Three scales of cyclicity contribute to original depositional facies heterogeneity in the Grayburg; high-frequency cycles, averaging 3 meters in thickness, constitute the fundamental architectural element in the main reservoir interval. Despite original depositional heterogeneity due to this cyclicity, however, permeability development has substantially resulted from two diagenetic events: (1) dolomite alteration in vertically burrowed wackestones and packstones and (2) late alteration and removal of anhydrite.
Dolomite alteration in vertically burrowed wackestones and packstones has produced irregular vertical zones of higher permeability in mud-dominated bases of high-frequency cycles in leeward ramp-crest highstand successions.

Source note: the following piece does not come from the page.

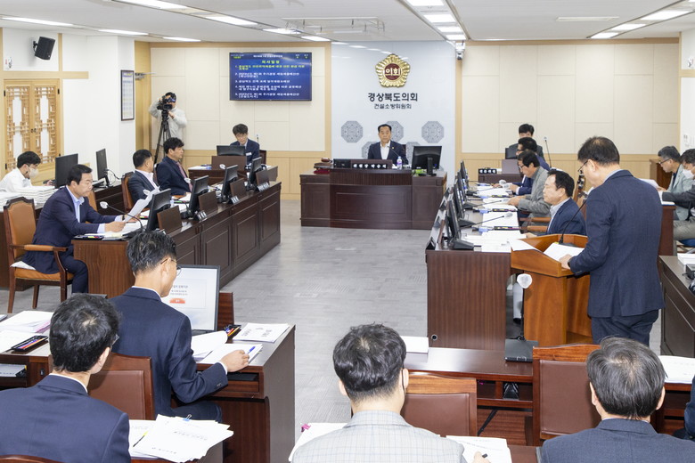 먼저, 건설도시국에서 제출한 예천 예누리 문화공원 조성에 따른 공유재산 내 영구시설물 축조 동의안과 이우청 의원(김천)이 발의한 경상북도 건축 조례 일부개정조례안, 최병준 의원(경주)이 발의한 경상북도 안전취약계층에 대한 안전환경 지원 조례안에 대해 면밀한 심사를 통해 원안 가결했다.

Because dolomite alteration is concentrated in burrowed highstand successions, the distribution of resultant permeability trends is partly constrained by patterns of long-term accommodation and high-frequency cyclicity. Anhydrite diagenesis, which is characterized by conversion to gypsum or by complete removal of sulfate, is developed along basinward margins of the field and crosscuts original depositional framework.
Altered dolomite in burrowed zones exhibits an average of twice the porosity and an order of magnitude greater permeability than adjacent unaltered rocks because of rock-fabric differences. Especially where sulfate removal has occurred, altered zones contain intercrystalline and touching-vug pores in contrast to intercrystalline and separate-vug pores characteristic of unaltered zones. These rock-fabric types also display distinctly different porosity-permeability relationships.
Pore types can be traced across the field by comparing acoustic and neutron-density porosity logs. Once rock-fabrics are delineated, appropriate porosity-permeability transforms can be applied to predict permeability across the reservoir. Mapping of zones of anhydrite diagenesis and associated permeability development by means of cores and acoustic log porosity signatures demonstrates that alteration and removal of sulfate and attendant permeability enhancement is highly irregular at the interwell scale.